Plus zes karren turf en twee vimmen schoof. NB de verklaring is ook
ondertekend door Peter van Hettryck.
-
Voor de voorwaarden wordt ook hier
verwezen naar de verpachting van het Beringerveld. Bij het
Vosbergerveld is ook besproken dat bij niet opzeggen ten halven opnieuw
droge lycop ad 8 rixdaalder wordt betaald, en dat bij afsterven of
“verhuis” niemand zonder medeweten mag worden ingelaten, behalve Goert
Fijen, Jenniken Nijssen, Willem Stockt, Peter van Hettryck en Ghijs
Ingen Steegh. (dit zijn alle oude pachters van het Vosbergerveld)
-
We hebben dus twee verkaringen van de
verpachting, een die ondertekend is door de pachters en een andere die
door iemand namens het klooster getekend is. Het gezamenlijk
ondertekende pachtcontract, als het bestaan heeft, bezitten we niet.
-
JAAR 1661, 8 jaar
RHCL,
Kart 402 (foto 9932, 9933)
Betreft VOSBERGERVELD
Verklaring dd 17 juni
1661 van Pater Hubertus Beekman, dat hij in de kartuis het Vosbergerveld,
voor 8 jaar verpacht heeft, ten halven op te zeggen.
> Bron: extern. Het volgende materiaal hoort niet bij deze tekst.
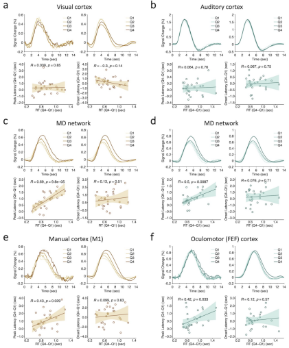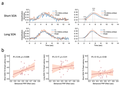 In contrast, within the multiple-demand network, neural activity associated with the first stimulus in the dual-task condition was largely unaffected by the presence of a second task. However, the neural activity associated with the second stimulus was significantly delayed (Fig. 3a). Importantly, this delay in neural activity predicted the behavioral psychological refractory period effect—namely, the reaction time delay (Fig. 3b). These results indicate that, at the central processing stage, information processing shifts to a serial queuing mode.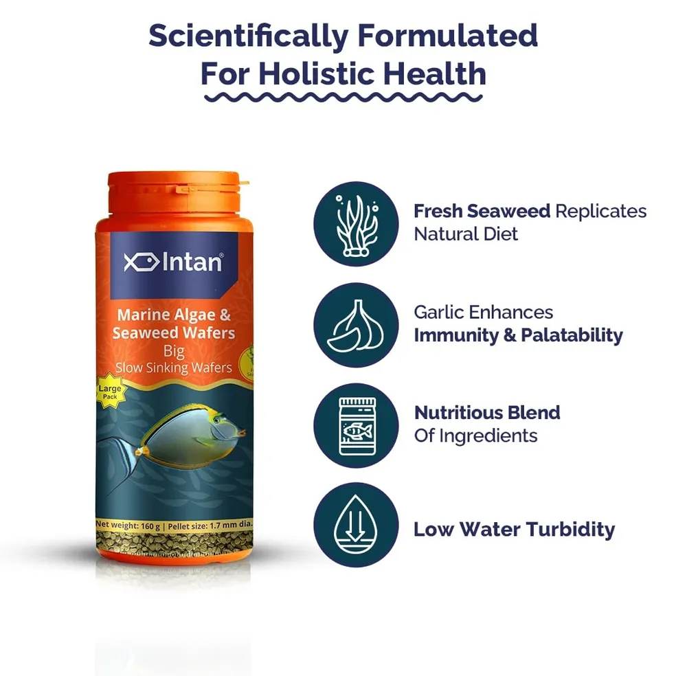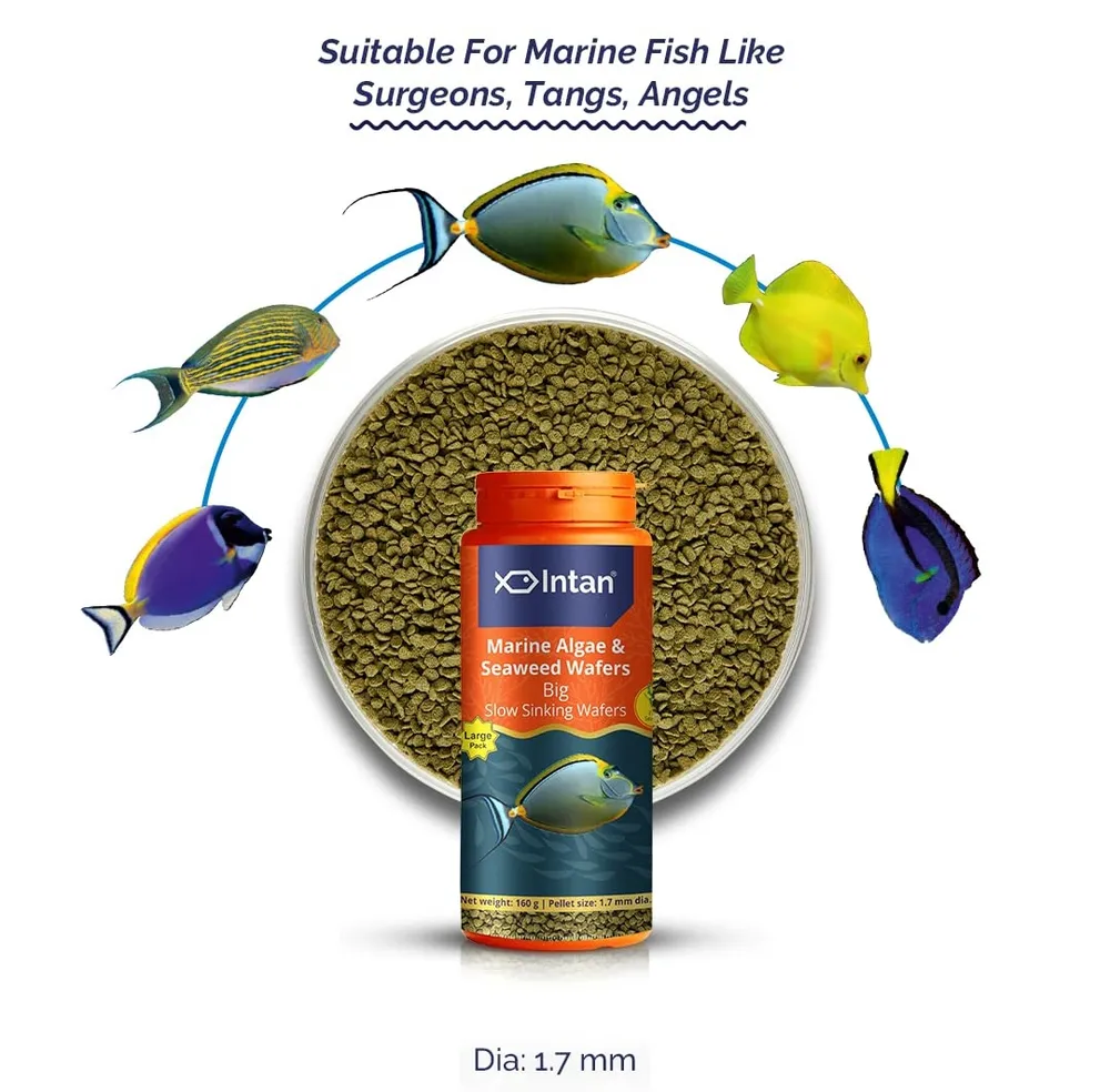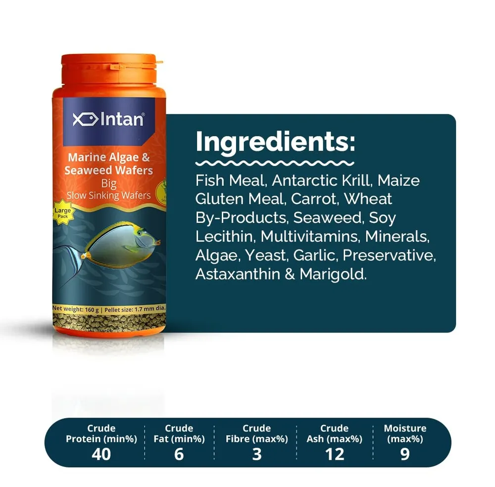 Intan Growel Marine Algae & Seaweed Wafers Big 160g (1.7mm Slowly Sinking) Highly Nutritious Ornamental Fish Food for Marine fish - Surgeons, Tangs &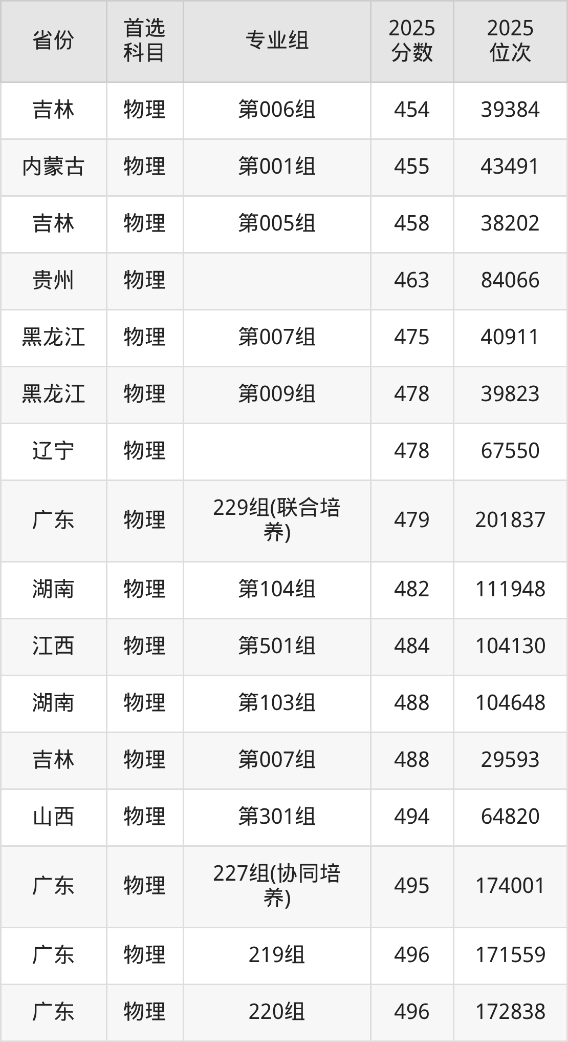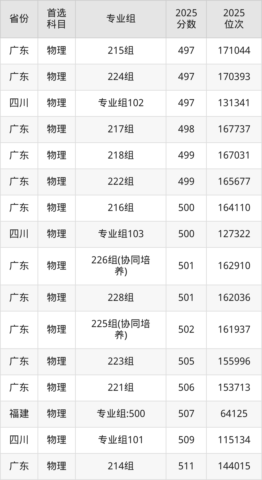物理类:213组519分、131752名,214组511分、144015名,215组497分、171044名,216组500分、164110名,217组498分、167737名,218组499分、167031名,219组496分、171559名,220组496分、172838名,221组506分、153713名,222组499分、165677名,223组505分、155996名,224组497分、170393名,225组(协同培养)502分、161937名,226组(协同培养)501分、162910名,227组(协同培养)495分、174001名,228组501分、162036名,229组(联合培养)479分、201837名;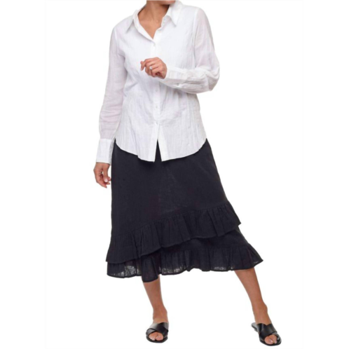 The midi length skirt is here to stay and we especially love this style.Introducing the Erika Skirt by Tulip Clothing, a chic black midi crafted from 100% cotton for lightweight comfort. This stylish piece features a flat front and elastic back, complete with front pockets and a graceful two-ruffle hem. Pull on style. Machine wash and hang to dry. Model is wearing a size small.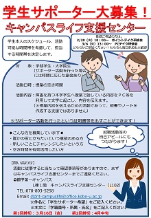 神戸大学キャンパスライフ支援センターでは、学生サポーターを募集しています。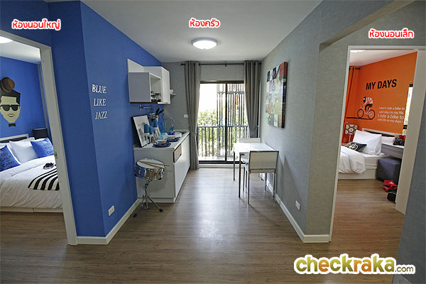 - รูปแบบห้องและวัสดุ - ลักษณะห้องพักอาศัยแบ่งเป็น 3 Type หลักด้วยกัน แบบ 1 ห้องนอน และ 2 ห้องนอน โดยทั้ง 2 ห้องออกแบบฟังก์ชั่นการใช้งานมาค่อนข้างครบ แต่ก็ยังมีบางจุดที่อาจจะไม่ค่อยสะดวกมากนัก โดยแบบ 1 ห้องนอน การใช้จริงในส่วนของพื้นที่ทานข้าวอาจไม่ค่อยสะดวกนัก แต่ก็มีข้อดีอยู่ตรงที่ได้ครัวเป็นแบบครัวปิด และยังติดระเบียงช่วยเรื่องระบายกลิ่นได้ดี ส่วนแบบ 2 ห้องนอน จะติดก็ตรงห้องน้ำนิดหน่อยตรงตำแหน่งของโถสุขภัณฑ์ ที่เวลาเปิดประตูเข้ามาอาจจะชนกับโถสุขภัณฑ์ได้ แต่ห้องนี้ก็มีข้อดีตรงที่จะได้พื้นที่ห้องครัวขนาดใหญ่ มีที่วางตู้เย็นได้อย่างสบายๆ แต่ว่าเป็นแบบครัวเปิดนะคะ ถ้าทางโครงการกั้นกระจกทำเป็นครัวปิดมาให้ลูกบ้านด้วยก็น่าจะดี
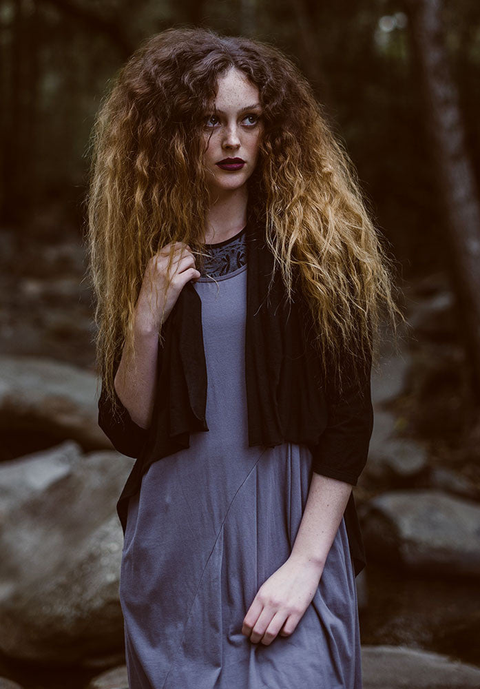 Just like the other Bestowed shrugs, this handy Ester cardi is a great layering piece! Perfect for travelling, providing just a little extra warmth and adding sleeves to an outfit. It has 3/4 sleeves and a shawl collar which can be scrunched up or down. It features a beautiful tail that cascades down at the back.

Pachtprijs: 50m rogge en 16m boekweit.
Plus zes karren turf
en twee vimmen schoof.
De voorwaarden zijn dezelfde als die voor het
Beringerveld, ook in 1661, waarvan Aret van den Boomen en Jan Verhagen
een exemplaar gekregen hebben, getekend op 23 mei 1661.
Wel bepaald is nog dat,
indien er niet ten halven wordt opgezegd, de pachters na vier jaar weer
aan droge lycop zullen betalen 8 rixd.
Ook is uitdrukkelijk
bepaald dat niemand zonder goedkeuring van de prior mag worden opgenomen
als pachter.
De nieuwe pachters
zijn:
Goert Fijen
Willem Stock
Janneken Nijssen
Peter van Hettrick en
Ghijs in gen Steegh
Verklaring 17 juni ondertekend in de kartuis, door
frater Beekman.
Opmerking:
Er zijn dus vijf pachters voor het Vosbergerveld,
terwijl de kartuizers er acht gerven hebben. Waarschijnlijk hangt dat
samen met een voorrecht waarvan Kartuizershof genoot. In de 18e
eeuw zien we in de voorwaarden vaak de bepaling dat van het
Vosbergerveld drie gerven moeten worden gelaten aan Kartuizershof,
uiteraard tegen betaling van het juiste aandeel in de pachtprijs. Deze
regeling zal waarschijnlijk ook al in de 17e eeuw bestaan
hebben.
-
-
GROOTVELD
-
Datum niet bekend. Het Grootveld is
verpacht voor 100m rog en 31m boekweit en acht karren turf en vier
vimmen schoof. Bij niet opzeggen opnieuw lycop ad 16 rixd. Aan wie
is niet vermeld.
-
-
BROEKVELD
-
op 23 juni 1662 verklaren Maes Ingels
en Gijsbert Nijssen, dat ze het Broekveld hebben gepacht voor 55m rog en
17m boekweit. Plus zes karren turf en twee vimmen schoof.
-
Ook hier geldt dat er geen nieuwe
pachters zonder medeweten van de kartuizers mogen bijkomen; bij hagel
etc inspectie op kosten van de pachters, die wel moeten zorgen dat de
oogst zo veel mogelijk gered wordt; doen ze dat niet dan komt er geen
tegemoetkoming.
-
Deze verklaring is in Helden
ondertekend.
-
-
VORDERSCHOT
-
op 25 juni 1662 verklaren Jan van Heuchten, Hendrick Heesen, Jan van
Oijen (die mede namens twee niet genoemden tekent) gepacht te hebben
voor acht jaar. Per jaar 38m rog en 12m boekweit. Plus elk jaar vier
karren turf en twee vimmen schoof. Lycop niet vermeld.
-
De ondertekening vindt plaats in de kartuis, en ook nu alleen door de
pachters.
-
(ik denk dat de pachters een gelijkluidend document dat ondertekend is
door de prior of de procurator hebben meegenomen naar Helden. Zie
Vosbergerveld.)
-
-
Op de achterkant van het document staat
dat alle verpachtingen na vier jaar worden verlengd voor weer vier jaar.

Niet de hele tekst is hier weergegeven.